Print word for word the first line of the listing below and every line after it, through the line with "Grandes filas nos". Leave out the pictures and the rest.
********
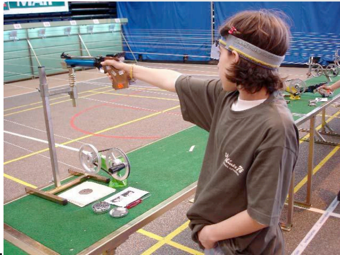
POSITION DU TIREUR PISTOLET AVEC BLOC RESSORT
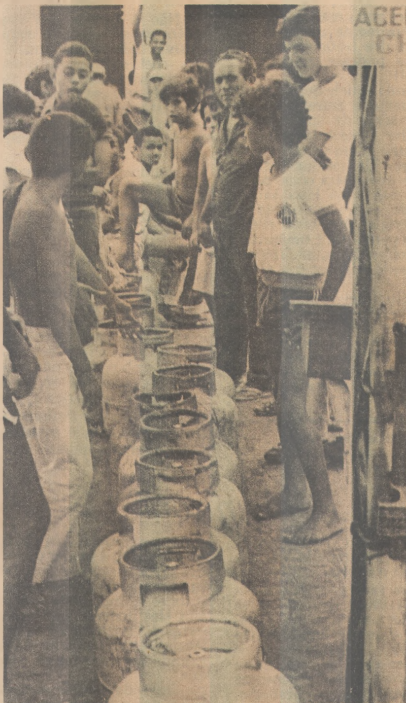
Grandes filas nos postos de revenda de butijões

Esta alteração na estrutura de demanda, segundo ele, está sendo mostrado claramente na indústria automobilística, às voltas com queda nas vendas e, conseqüentemente, diminuição da produção. "Como produzir 1 milhão de veículos? Como é que se importa petróleo para pagar tudo isto? Quem paga a conta? Não há nenhum trouxa do outro lado", acentuou.
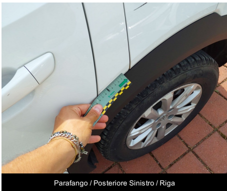
Parafango / Posteriore Sinistro / Riga
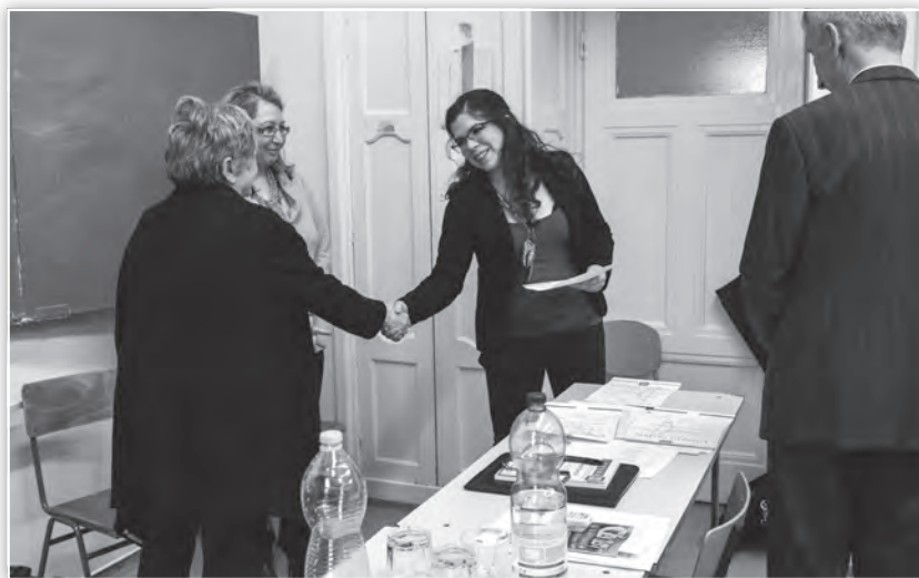
Részvevői oklevél átadása a Felnőttképzés tagozat ülésén
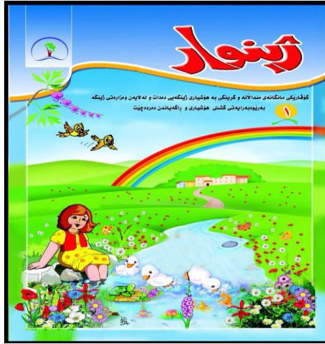
بەرگی ژمارە ۱ گۆڤاری ژینواری ژینگەیی تایبەت بە مەندالان.
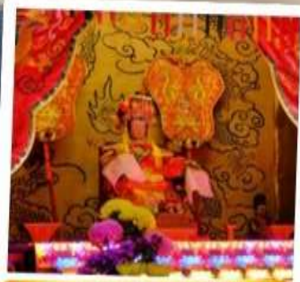
เจ้าแม่ทับทิม จอสเฮ้าส์เบย์
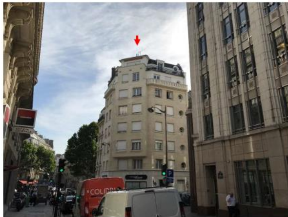
Etat du projet :
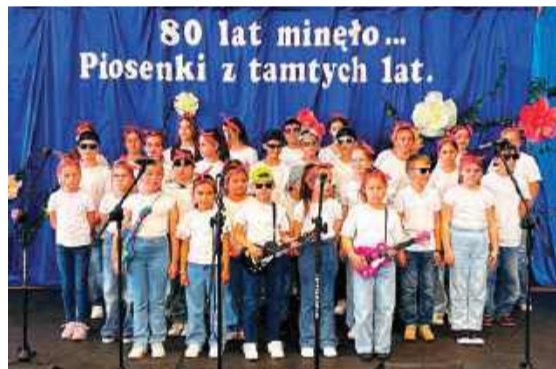
Z okazji jubileuszu zorganizowano muzyczny festiwal
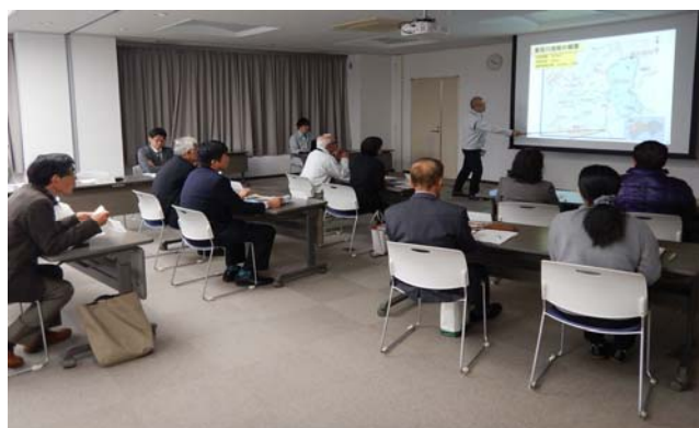
河川の概要やモニター心得についての説明を聞きます。
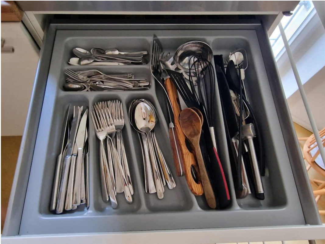
Küche / Details
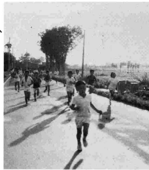
全員完走したおはようマラソン

台風一過のからりと晴れた八月二十四日、第一回の早朝マラソン大会が中之島——島田間に設けられた三コース（二・三・五キロ）によって行われました。
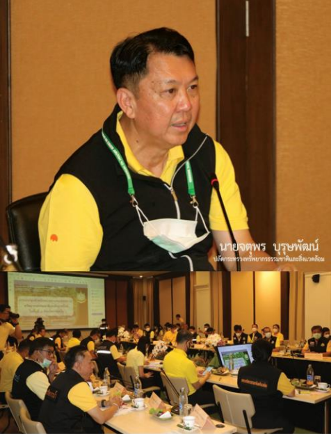
นายจตุพร บุรุษพัฒน์ รองผู้อำนวยการสำนักงานสิ่งแวดล้อมแห่งชาติและสิ่งแวดลอม
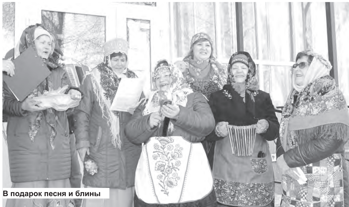
В подарок песня и блины
********
### [Written solution]
POSITION DU TIREUR PISTOLET AVEC BLOC RESSORT
Grandes filas nos postos de revenda de butijões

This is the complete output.